Don’t be that person.

The Terraform Skills That Actually Matter

Forget about memorizing every resource type and argument. Focus on the core concepts and workflows that you’ll use daily in production environments. Here are the 10 essential areas every DevOps engineer must master:

1. Understanding Infrastructure as Code: The Mindset Shift

Before you write a single line of Terraform, you need to understand what problem it solves. Infrastructure as Code means treating your infrastructure like software code.

Why This Matters

Traditional approach: Click through the console, create resources, and hope you remember what you did.

IaC approach: Write declarative code, version-control it, review changes, and apply consistently.

# This simple block creates an EC2 instance
resource "aws_instance" "web_server" {
  ami           = "ami-0c55b159cbfafe1f0"
  instance_type = "t2.micro"
  
  tags = {
    Name = "WebServer"
  }
}

This code is:

• Version controlled (you can see every change)
• Reviewable (team can review before applying)
• Repeatable (creates identical infrastructure every time)
• Documented (the code IS the documentation)

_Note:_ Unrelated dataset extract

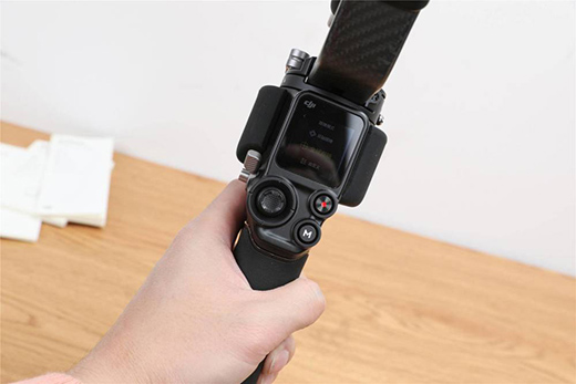 值得一提的是,這款穩定器在手柄的位置上設計有一塊1.4英寸的可觸控液晶顯示屏,在調節參數和使用其他智能操控的時候會更方便,還能夠查看智能跟拍的效果,或者可以與大疆Ronin APP連接,將其當成是一塊監視屏來使用,而且在操作中發現響應比較迅速,讓操作更加簡單。

2. Terraform Workflow: Plan, Apply, Destroy

Terraform has three core commands that you’ll use constantly. Understanding this workflow prevents costly mistakes.

The Holy Trinity

# 1. Initialize - download providers and modules
terraform init

# 2. Plan - preview what will change
terraform plan
# 3. Apply - make the changes
terraform apply

Never skip the plan step. I’ve seen engineers go straight to apply and accidentally delete production databases.

Real-World Workflow

# Start every project with init
terraform init

# Always plan before applying
terraform plan -out=tfplan
# Review the plan carefully
# Look for:
# - Resources being destroyed (red minus signs)
# - Unexpected changes
# - Resource replacements
# Only then apply
terraform apply tfplan
# When you need to clean up
terraform destroy

Production story: I was updating a database instance configuration. Ran plan and noticed Terraform wanted to destroy and recreate the database (force replacement). That would have deleted all data. Instead, I modified the code to avoid replacement, ran plan again, and applied safely.

Understanding Plan Output

Terraform will perform the following actions:

  # aws_instance.web will be created
  + resource "aws_instance" "web" {
      + ami           = "ami-12345"
      + instance_type = "t2.micro"
    }

  # aws_instance.db will be destroyed
  - resource "aws_instance" "db" {
      - ami           = "ami-67890"
      - instance_type = "t2.small"
    }

Plan: 1 to add, 0 to change, 1 to destroy.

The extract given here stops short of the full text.